Patrick Hopkins, Director of Procurement, Coke Consolidated (Coke), just took the stage at Coupa Inspire to discuss his organization’s indirect procurement transformation. Patrick was blunt in assessing the situation he inherited before implementing a new indirect procurement capability at Coke. His team had no visibility into indirect spending details, and half of all indirect spend was put on credit/purchasing cards (the irony here is that cards can actually give you decent reporting detail, after the fact, but of course they’re never a substitute for a broader indirect procurement system).

They could not come up with a solid number around how much they were spending on an annualized basis. This is despite the fact that Coke had an eProcurement solution in place that was settled against a ghost card, not to mention a separate T&E system, among others. In total, Coke had six different order/payment process systems - and limited visibility into which organizations it was doing business with, including “non-established” suppliers.
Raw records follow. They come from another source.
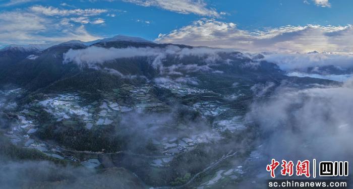 據(jù)悉,在云霧繚繞間,田疇錯落、村寨隱現(xiàn),遠處的雪山也在云端若隱若現(xiàn)。自然的靈秀與人間的煙火在此溫柔交融,繪就了磽磧藏鄉(xiāng)最治愈、最動人的春日圖景。(高華康 攝)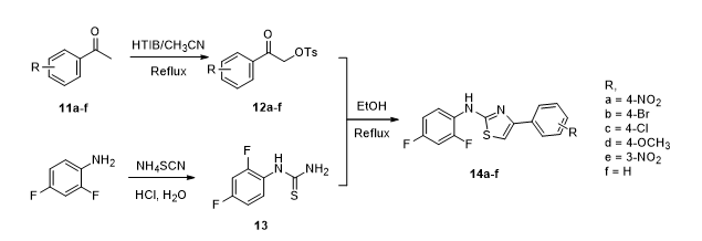 By considering the wide range of applications of aminothiazoles and in continuation of our interest in hypervalent iodine [I(III)] mediated approach, we attempted the syntheses of some novel fluorine based 2-aminothiazoles (7a-g, 10a-c and 14a-f).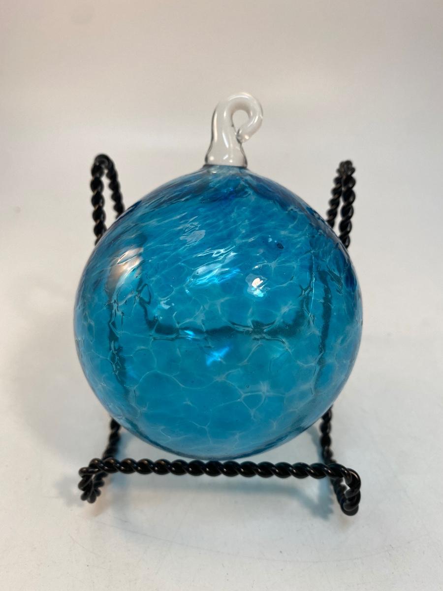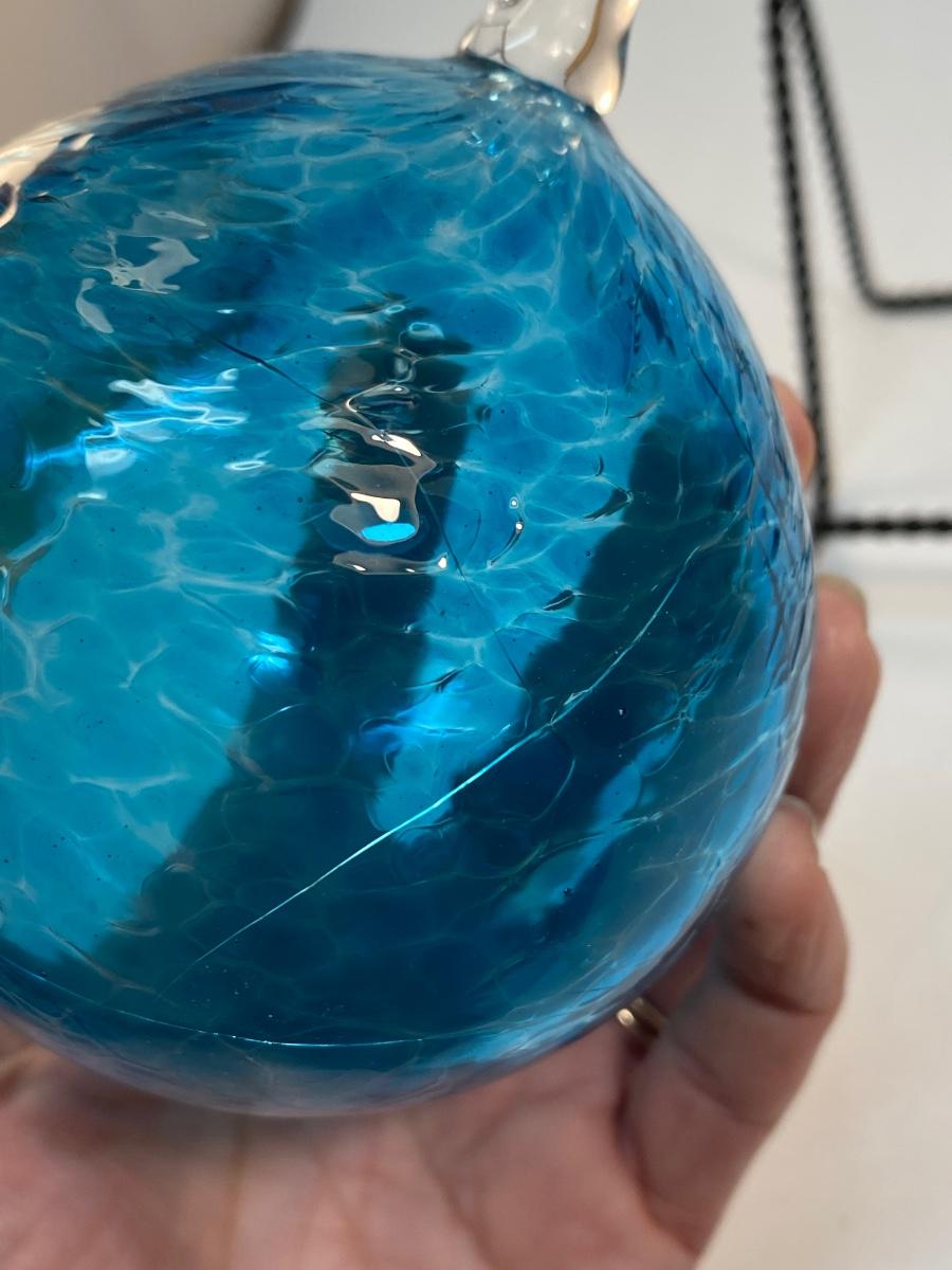 Bright Blue Hand Made Blown Glass Hanging Ornament Orb Suncatcher. There is damage/cracking to this ornament. About 3" size. See photos for damage, cracking goes almost all the way around in different directions. Still displayable.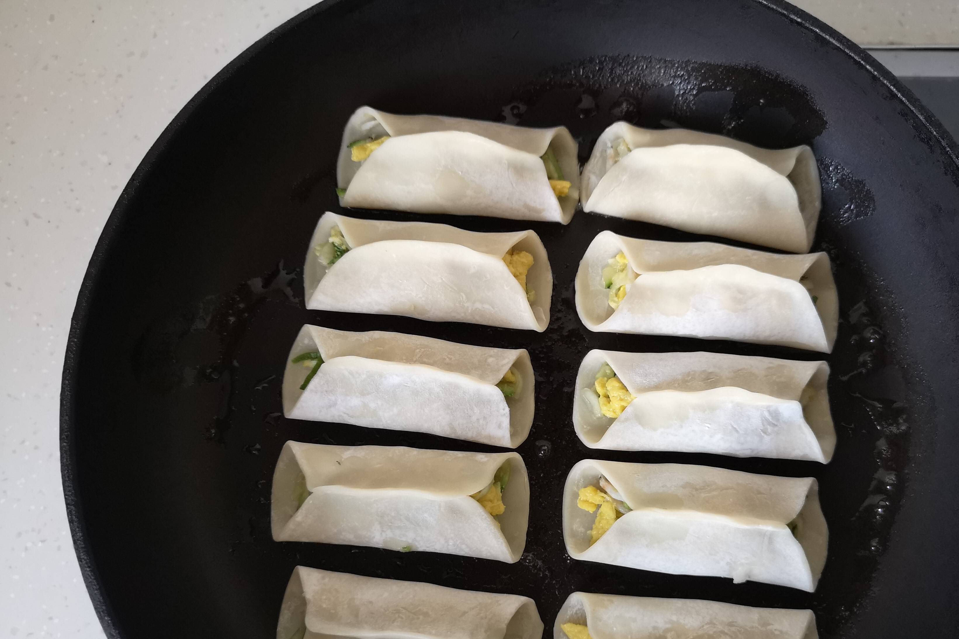 【西葫蘆雞蛋鍋貼】準備食材:西葫蘆一個,雞蛋兩個,蝦皮一把,鹽適量,大蔥一根,蠔油一勺,花生油適量,餃子皮適量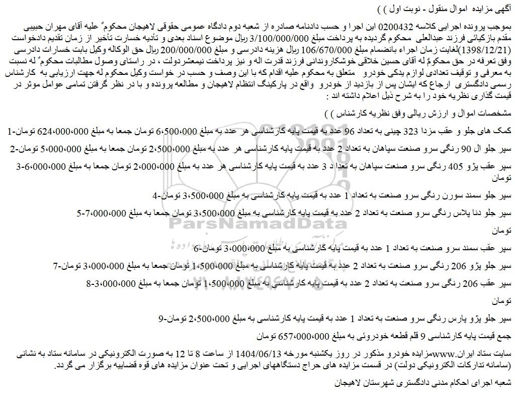 بموجب پرونده اجرایی کلاسه 0200432 این اجرا و حسب دادنامه صادره از شعبه دوم دادگاه عمومی حقوقی لاهیجان محکوم ٌ علیه آقای مهران حبیبی مقدم بازکیائی فرزند عبدالعلی محکوم گردیده به پرداخت مبلغ 3/100/000/000 ریال موضوع اسناد بعدی و تأدیه خسارت تأخیر از زمان تقدیم دادخواست (1398/12/21)لغایت زمان اجراء بانضمام مبلغ 106/670/000 ریال هزینه دادرسی و مبلغ 200/000/000 ریال حق الوکاله وکیل بابت خسارات دادرسی وفق تعرفه در حق محکومٌ له آقای حسین خلاقی خوشکاروندانی فرزند قدرت اله و نیز پرداخت نیمعشردولت ، در راستای وصول مطالبات محکوم ٌ له نسبت به معرفی و توقیف تعدادی لوازم یدکی خودرو متعلق به محکوم علیه اقدام که با این وصف و حسب در خواست وکیل محکوم له جهت ارزیابی به کارشناس رسمی دادگستری ارجاع که ایشان پس از بازدید از خودرو واقع در پارکینگ انتظام لاهیجان و مطالعه پرونده و با در نظر گرفتن تمامی عوامل موثر در قیمت گذاری نظریه خود را به شرح ذیل اعلام داشته اند :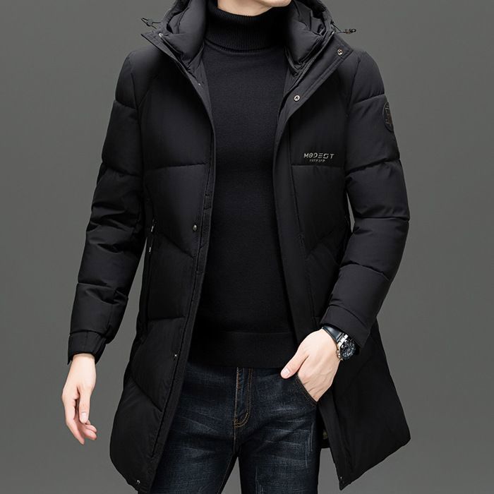 Doudoune Mi-longue homme - Noir - Automne Hiver Chaude A Capuche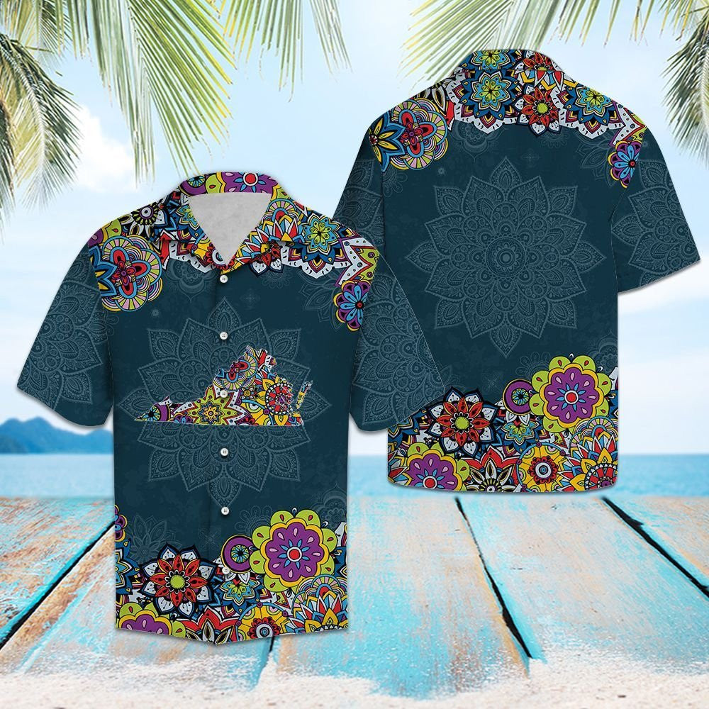 Léarscáil Teibí As Virginia Mandala Patrún Patchwork Flower Léine Haváís, Bronntanas Léine Haváíais, Bronntanas Nollag
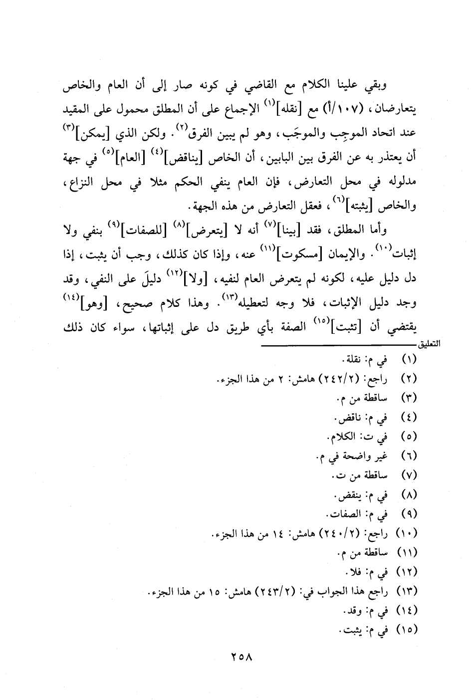 وأما المطلق، فقد [بينا] أنه لا [يتعرض] [للصفات] بنفي ولا إثبات. والإيمان [مسكوت] عنه، وإذا كان كذلك، وجب أن يثبت، إذا دل دليل عليه، لكونه لم يتعرض العام لنفيه، [ولا] دليل على النفي، وقد وجد دليل الإثبات، فلا وجه لتعطيله. وهذا كلام صحيح، [وهو] يقتضي أن [تثبت] الصفة بأي طريق دل على إثباتها، سواء كان ذلك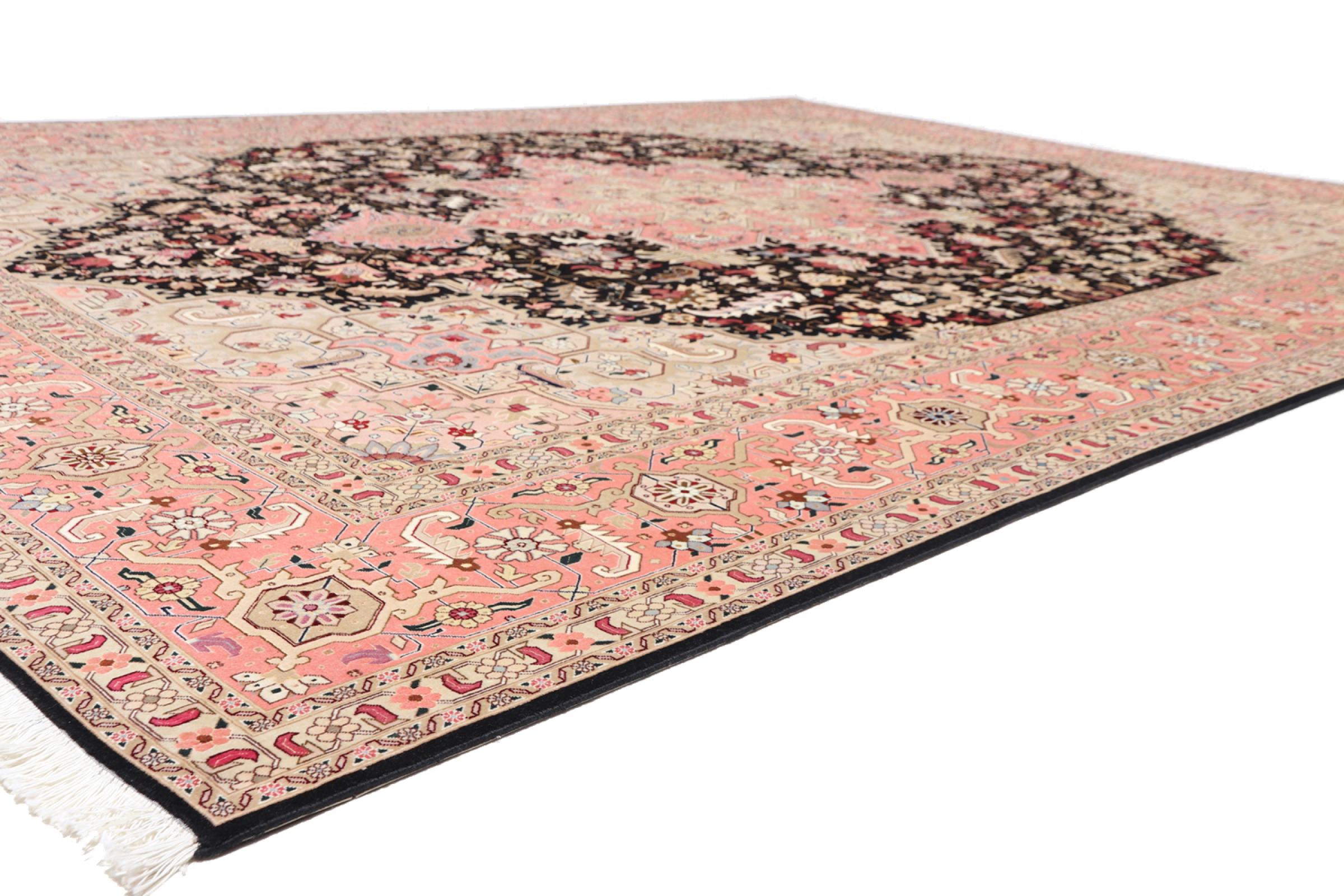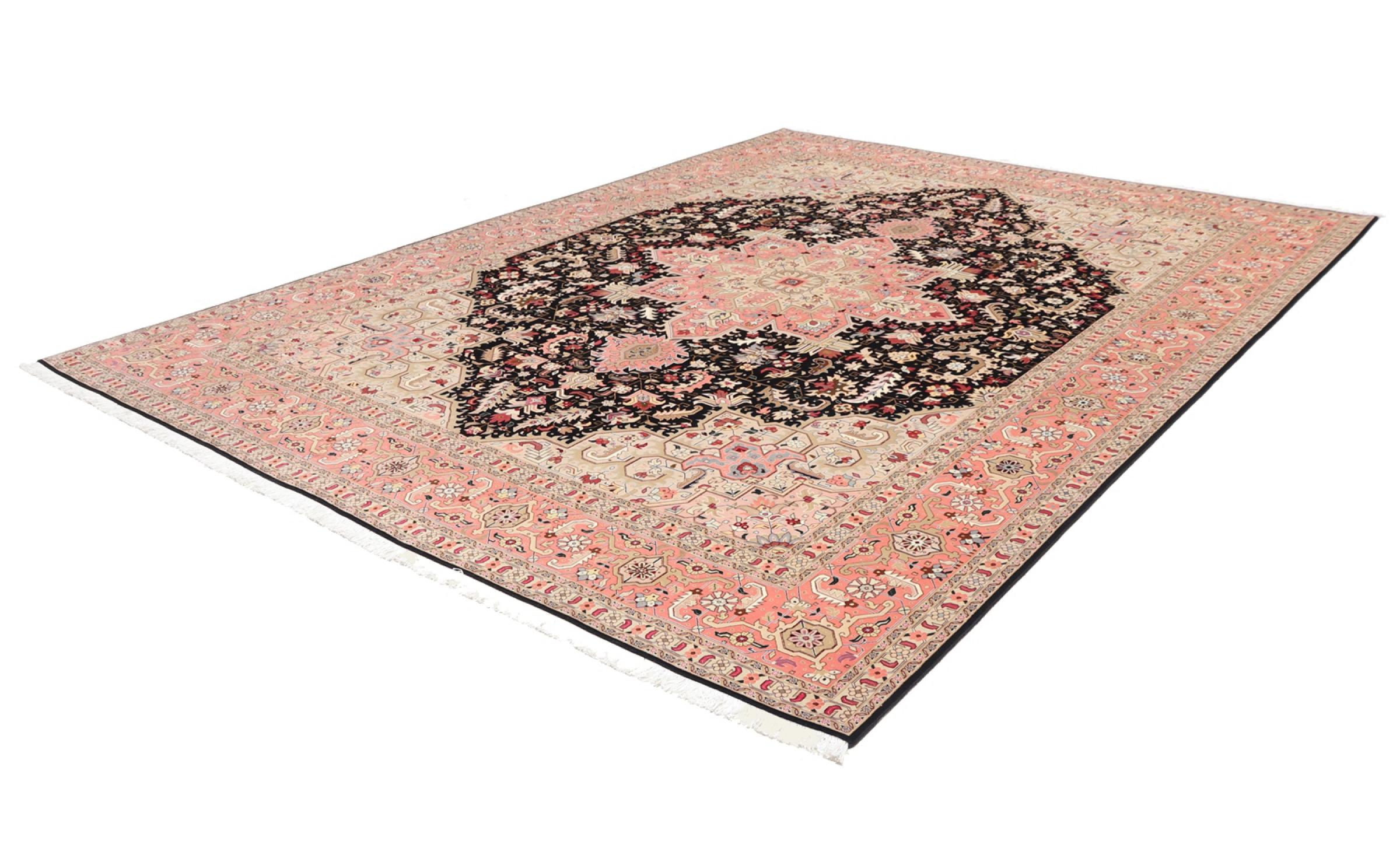 Tabriz est l'une des plus grandes villes d'Iran et l'une des plus célèbres provinces de tapis persans. Les tapis de Tabriz sont souvent indiqués par un numéro "Raj". Plus ce chiffre est élevé, plus le tapis est fin, car il indique la densité des nœuds. Il existe des tapis persans de Tabriz de classe moyenne (40 Raj) et de classe exceptionnellement fine (80 Raj).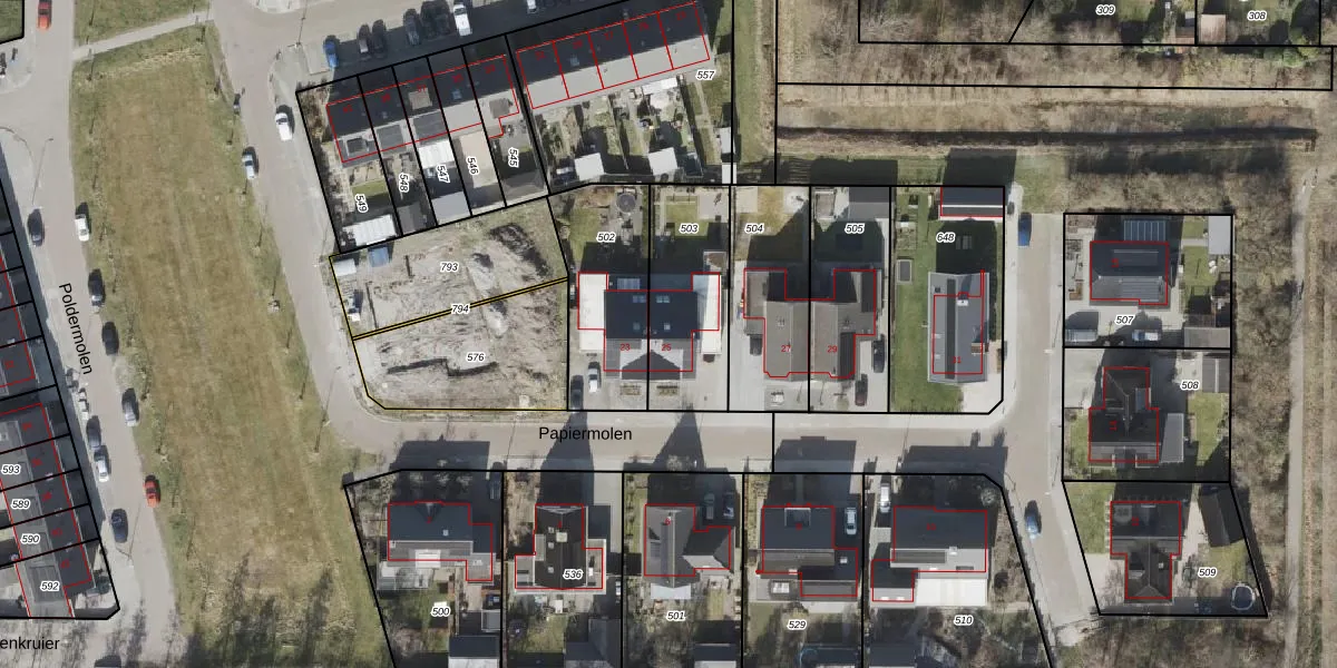 Het perceel waarop Papiermolen 25 staat heeft een oppervlakte van 408 m². Dit is een groot perceel. De perceeloppervlakte wordt geregistreerd door het Kadaster. Gedetailleerde informatie over de maten van dit perceel kunt u vinden in het rapport Kadastrale kaart met maatvoering van Papiermolen 25.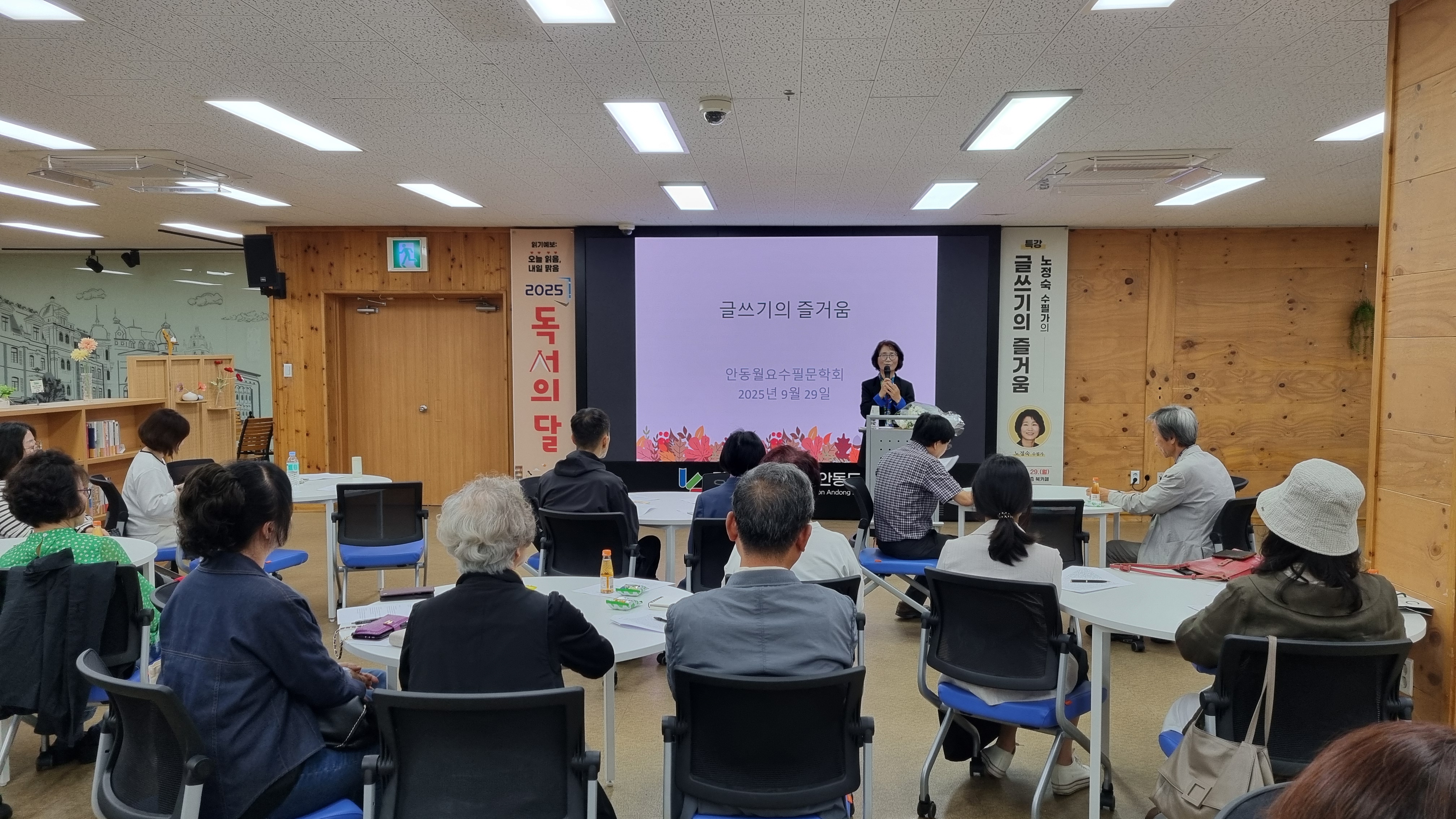 □ 경상북도교육청 안동도서관(관장 반선자)은 9월 29일(월) 19시도서관 북카페에서 월요수필문학회 회원 및 지역주민 50명 대상으로 노정숙 수필가 초청 특강을 성황리에 운영하였다.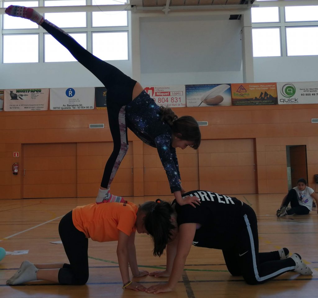 Aquest final de curs els alumnes de cicle superior han realitzat la unitat didàctica de l’acroesport. Una modalitat on han treballat la força, la flexibilitat i la resistència, juntament amb la cooperació i el companyerisme per tal que les figures sortissin correctament. També han après com han de col·locar les mans i els braços per suportar el pes del company i on han de col·locar els peus per tal de no fer mal al company que aguanta el nostre pes.

Some of these specific challenges included working on handshakes/verbal commitments, late and duplicate payment issues, use of non-standard and non-approved materials, and uninsured liabilities based on contracts and MSAs. Patrick noted, “Coke had non-insured contractors on site, which proved extremely costly to the company in the past.” Further, many in the organization spent significant time “shopping prior to buying,” adding greater inefficiency into the procurement mix.

In its indirect procurement transformation, Coke obviously had a lot to address. Specific activities and investments would focus on three areas: supply base rationalization, demand management and rationalization (for SKU-based items and services) and automating processes. You can pretty much guess the benefits Coke articulated around supply base consolidation and SKU standardization: greater volume to fewer suppliers results in lower mark-ups, rebates, incentives, reduced inventory, better performance/quality, more favorable MSAs, terms, certification/compliance (e.g., insurance), etc.

For process automation, Coke’s goal fell within the typical indirect procurement idealized box: enhanced productivity (for both employees and suppliers) through automation, savings capture, etc. The automation adage Coke followed with P2P and related initiatives is almost as good as Coke marketing jingles: simplify, eliminate, combine. It seems simple, but it’s not; we’ll explore this as our reporting on Coke’s experience continues!

One example is a Grainger kiosk Coke uses (see below). Coke has recently deployed “a handful of these” in five manufacturing plants. Grainger stocks the items with standard materials such as personal protective equipment, gloves and tools. Depending on the employee’s responsibility, they have access to certain items but not others. For example, a line operator might have access to the gloves but not drill bits.

Grainger Kiosk. Source: Coke Consolidated, Coupa INSPIRE Keynote

grainger coke

All the individual needs to do is swipe their ID badge to access item. Yet the kiosk also controls the frequency that an individual can access materials. As a result, Coke is “issuing items far less often than we used to and we’re not relying on a store room attendant” for the same activities as before.